In a comment to my recent post on Furl, Scott Leslie of Ed Tech Post responded:
"FURL is cool enough, I guess, but I've been a bit surprised by the hype surrounding it, given that web-based bookmark managers have been around for a while now"Scott's right of course, and I've used a gazillion bookmark managers in my day. They all had the same problem: they're bookmark managers. Managing bookmarks sucks. I don't want to manage bookmarks; I want to manage information that interests me.
Bookmark managers almost all suffer from the same conceptual flaw . . . which also happens to be the same conceptual flaw that has plagued organization of other information as well, such as emails.
Take for example, my Outlook/Exchange set up.
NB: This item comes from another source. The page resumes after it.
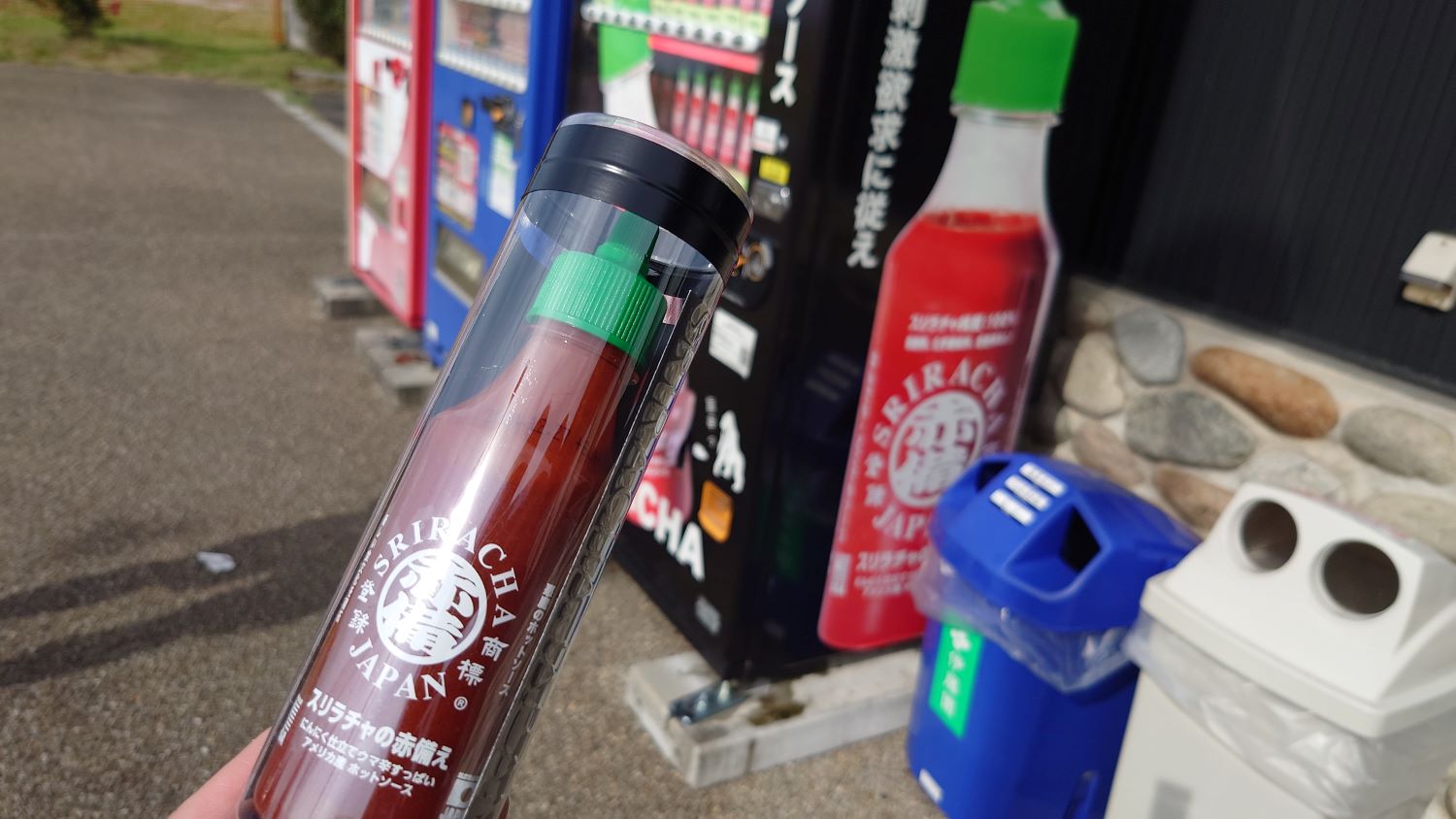 久しぶりに、道の駅をご紹介します。今回は愛西市に位置する「道の駅 立田ふれあいの里」にやってきました。名古屋市からも比較的近い場所にあり、意外にも田舎らしい雰囲気が漂うここでは、新鮮な野菜が豊富に取り揃えられています。しかし、今回は夕方に立ち寄ったため、野菜はほとんど残っていなかったのが残念でした(ノД`)・゜・。 ですが、今回の目的は別にありました。この地域ではここでしか買えないと思われる、自動販売機で販売されている「赤備」という悪魔のホットソースがあるんです。ネット上で評判になっていて、何にでも合うと言われています。自販機を探していると、自販機の前で迷っている夫婦がいました!私が率先して購入すると、不思議なことに周りにいた人々も次々と購入し始めました!みんなが迷っていたんですね~私がスタートを切ったみたいです(o^ ^o) / 今日はこのソースを試食してみることにしました。

My job requires I correspond with a couple hundred vendors and academic institutions a year, so, in the past, I've spent a lot of time creating mail folders to keep mail from different sources organized. Forget Outlook's search feature -- with several gigs between my mailbox and archives, Outlook's search performance is near useless.
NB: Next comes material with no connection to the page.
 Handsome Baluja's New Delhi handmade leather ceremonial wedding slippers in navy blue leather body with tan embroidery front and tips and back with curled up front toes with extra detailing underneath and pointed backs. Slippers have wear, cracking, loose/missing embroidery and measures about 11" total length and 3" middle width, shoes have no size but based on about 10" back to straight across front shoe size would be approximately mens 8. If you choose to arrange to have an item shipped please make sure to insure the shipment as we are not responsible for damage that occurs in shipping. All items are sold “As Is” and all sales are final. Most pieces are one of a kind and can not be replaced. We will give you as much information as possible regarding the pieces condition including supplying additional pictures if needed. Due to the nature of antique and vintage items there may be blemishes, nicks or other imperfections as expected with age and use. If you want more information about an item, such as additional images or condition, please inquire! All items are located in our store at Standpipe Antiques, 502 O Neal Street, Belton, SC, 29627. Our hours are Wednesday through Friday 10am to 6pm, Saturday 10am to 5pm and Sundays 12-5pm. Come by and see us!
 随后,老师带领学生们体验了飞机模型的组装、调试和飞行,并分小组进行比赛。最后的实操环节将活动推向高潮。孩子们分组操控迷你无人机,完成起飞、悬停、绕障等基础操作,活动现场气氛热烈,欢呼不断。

Enter Lookout, a plug-in for Outlook that indexes your mailbox (and archives and attachments and, if you like, My Documents) in the background. It provides a fairly flexible search interface that responds with googlespeed. Since installing Lookout, I've discovered my Outlook folder heirachy blows chunks. I don't need it anymore. A good search query and I can find most any email I've sent or received via Outlook in the last five years in seconds. Which suddenly means that the four gigs of mail folders and archives ceases to be an almost-static hunk of data and becomes knowledge that I can use.
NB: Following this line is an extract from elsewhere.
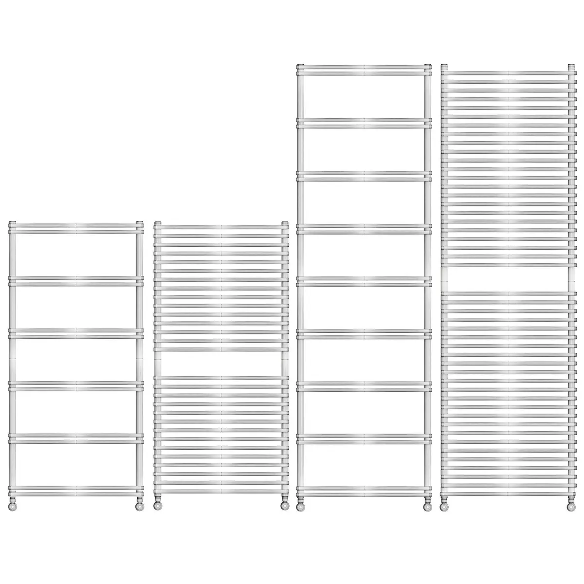 V8 and Pieno consist of two vertical tubes to which horizontal elements are attached; these elements are repeated, but in a different rhythm, changing their configuration: the Pieno has a stronger aesthetic impact than the V8, due to the greater number of horizontal elements of which it is composed.

The lesson (and the point of this post)? A good search obliviates the need for a hierarchy. The conceptual flaw inherent ot most email clients and bookmark managers is the assumption the best way for to make the information useful is to organize it (usually manually) into categories or hierarchies. To be fair, this is probably less a conceptual flaw, than a historical technical limitation -- you need a certain level of processing power and storage space.
Solving for this allowed Google to take a commanding lead in the "finding information" field. At one point in the history of the Web, human-managed hierarchical directories like Yahoo were still a valuable method to get to information kind of like what you wanted. Enter Google. By applying brute force processing power, suddenly a search turns up relevant results, so I don't need the legion of Yahoo indexers as much anymore. (Librarians shudder at this line of thought.)
Furl is more valuable than other bookmark managers, because it indexes the full text of every page I "furl." Not just the page title, not just the metadata I add, but the full text of the page. I quickly did away with categorizing "furled" pages once I realized I can use Furl's fairly decent, Google-like query syntax. That's great because heirarchies are bitch to maintain and keep relevant (just ask Yahoo). Furl is like Lookout for bookmarks. Or, more to the point, it's like Google for bookmarks.
The least important thing Furl does is help you manage bookmarks. More interesting and useful are the social aspects (and, in general, I'm a great fan of recommendation engines of any sort). Clay Shirky hit on these social aspects yesterday as well, posting about social link management on , as did Peter Capula in a post on social bookmarking and other stuff on the Social Software Weblog.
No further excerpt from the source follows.